4.2. Dual-Path CSDETR Architecture

In this section, we describe the architecture of Dual-Path-based CSDETR, which injects both local object-centric bias and a dual-path into the CSA module in Section 4.1. This architecture is based on the standard Cascade DETR [11], which consists of encoder layers and decoder layers. The encoder remains unchanged, with features passed to the decoder. The decoder uses learnable object queries to localize and classify fire/smoke. Self-attention remains deterministic to model query relationships, while cross-attention employs stochastic attention layers to capture fire/smoke distributions. Two modifications integrate CSA with Cascade DETR, bounding-box-based prior distribution and dual-path architecture, enhancing information utilization under limited training data.

Dual-Path Architecture

As shown in the work introduced by Zhang, S et al. and Ren, W. et al. [23,25], using only the downward structure (i.e., previous decoder layers) can lead to instability. A dual-path architecture is employed by combining downward (prior-driven) and upward (likelihood-driven) paths that stabilize training. Hence,

λ^{l}

in Equation (2) is obtained by

\begin{matrix} λ^{l} & = σ \cdot ln [1 + exp (f_{ϕ, 1}^{l} (h^{l}))] + \frac{exp (Φ^{l})}{Γ (1 + 1 / k^{l})} \\ \Rightarrow the stochastic downward path \\ h^{l} & = ln [1 + exp (f_{ϕ, l}^{l} (h^{l + 1}))] \\ \Rightarrow the deterministic upward path \end{matrix}

(5)

where

σ \in [0, 1]

is the importance weight.

f_{ϕ, 1}^{l}, f_{ϕ, 2}^{l}

are linear projections, and

Φ^{l}

is the scaled dot product between keys

K^{l}

and queries

Q^{l}

, i.e.,

Φ^{l} = \frac{Q^{l} \cdot K^{l}}{\sqrt{d_{k}}}

. The upward path propagates deterministic hidden states

h^{L}

, initialized from

h^{L + 1} = softmax (Φ^{1})

, to refine layer-wise features (Figure 1).

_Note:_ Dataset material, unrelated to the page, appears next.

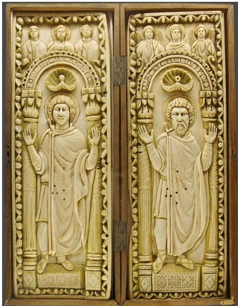
Мч. Акакий Каппадокияни и вмч. Феодор Стратила. Дерево, кость; резьба по кости. Константинополь. Византия. V в.

Городской музей «Ала Понцоне». Кремона. Италия.

Object-Centric Prior-Based Attention Refinement

As highlighted in Cascade-DETR, local information surrounding each object is crucial for accurate detection [11]. Building upon this insight, we integrate the object-centric spatial priors to inform the learning of parameters of

p_{η} ({\hat{W}}^{l})

and

q_{ϕ} ({\hat{W}}^{l})

, i.e.,

λ^{l}

and

α^{l}

in Equations (2) and (3), ensuring that the model’s attention is focused on object-relevant regions. Mathematically, the refined key is given by

K_{box}^{l} = M (B^{l - 1})

, where

M

is a mapping function that extracts feature maps, refined to better align with the bounding box

B^{l - 1}

from the previous layer. Next, using the object-centric prior as a constraint, we rewrite

p_{η} ({\hat{W}}^{l})

in Equation (3) as

p_{η} ({\hat{W}}^{l}) = Gamma (α^{l} = f_{η} (K_{box}^{l}); β)

(6)

A two-layer Multi-Layer Perceptron (MLP) is employed to process

K_{box}^{l}

and produce the predicted parameters

α^{l}

, which are used to shape the distribution of the object’s prior [23]:

α^{l} = softmax (f_{η, 2}^{l} (ReLU (f_{η, 1}^{l} (K_{box}^{l}))))

(7)

where

f_{η, 1}^{l}, f_{η, 2}^{l}

are two linear layers connected by ReLU.

The keys within the bounding box are also refined to generate

q_{ϕ} ({\hat{W}}^{l})

, which models the uncertainty or variability of the features within the box. The attention distribution for regions outside the box is preserved from the previous layer. Specifically,

Φ^{l}

in Equation (5) is updated as

Φ^{l} = \frac{Q^{l} \cdot K_{box}^{l}}{\sqrt{d_{k}}}

.

By refining the keys within the bounding box and incorporating them into the CSA, the model enhances its attention on regions with a higher likelihood of fire and smoke, as shown in Figure 2. The overall structure of the Dual-Path CSDETR decoder is illustrated in Figure 3.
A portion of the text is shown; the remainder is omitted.